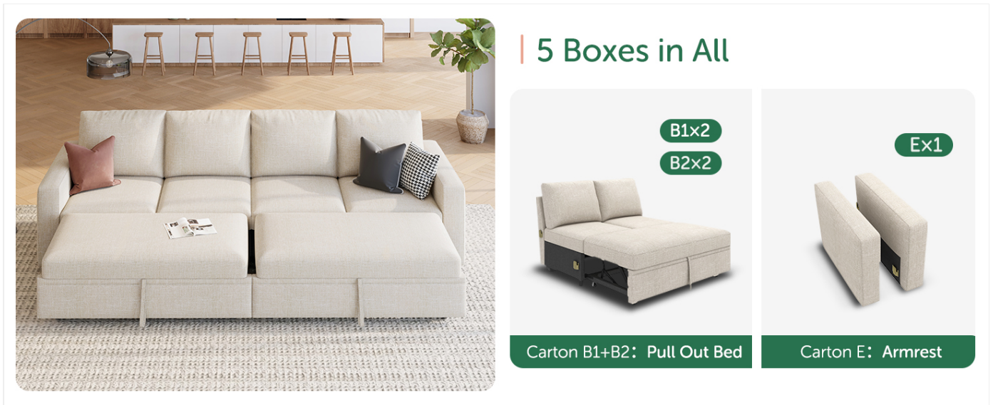
Image: Illustration of the sofa components distributed across five packages, including pull-out bed and armrest cartons.
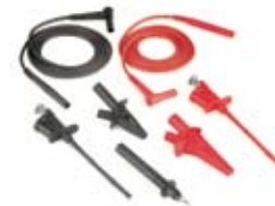
Test leads for Model 1039 Catalog #2119.40
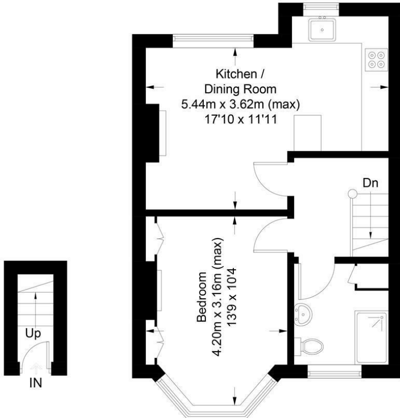
Ground Floor First Floor

This floor plan is for representation purposes only and is not drawn to scale. The Gross Internal Area includes outbuildings shown on the plan. Whilst every attempt has been made to ensure the accuracy of the plan measurements of doors, windows and rooms are approximate only and should be checked before making any decisions reliant upon them. Copyright Bespokeplans.co.uk (ID718521)
◆ ◆ ◆
One exact copy of the data, no pictures: write it out line for line.

Image: Illustration of the sofa components distributed across five packages, including pull-out bed and armrest cartons.
Test leads for Model 1039 Catalog #2119.40
Ground Floor First Floor

This floor plan is for representation purposes only and is not drawn to scale. The Gross Internal Area includes outbuildings shown on the plan. Whilst every attempt has been made to ensure the accuracy of the plan measurements of doors, windows and rooms are approximate only and should be checked before making any decisions reliant upon them. Copyright Bespokeplans.co.uk (ID718521)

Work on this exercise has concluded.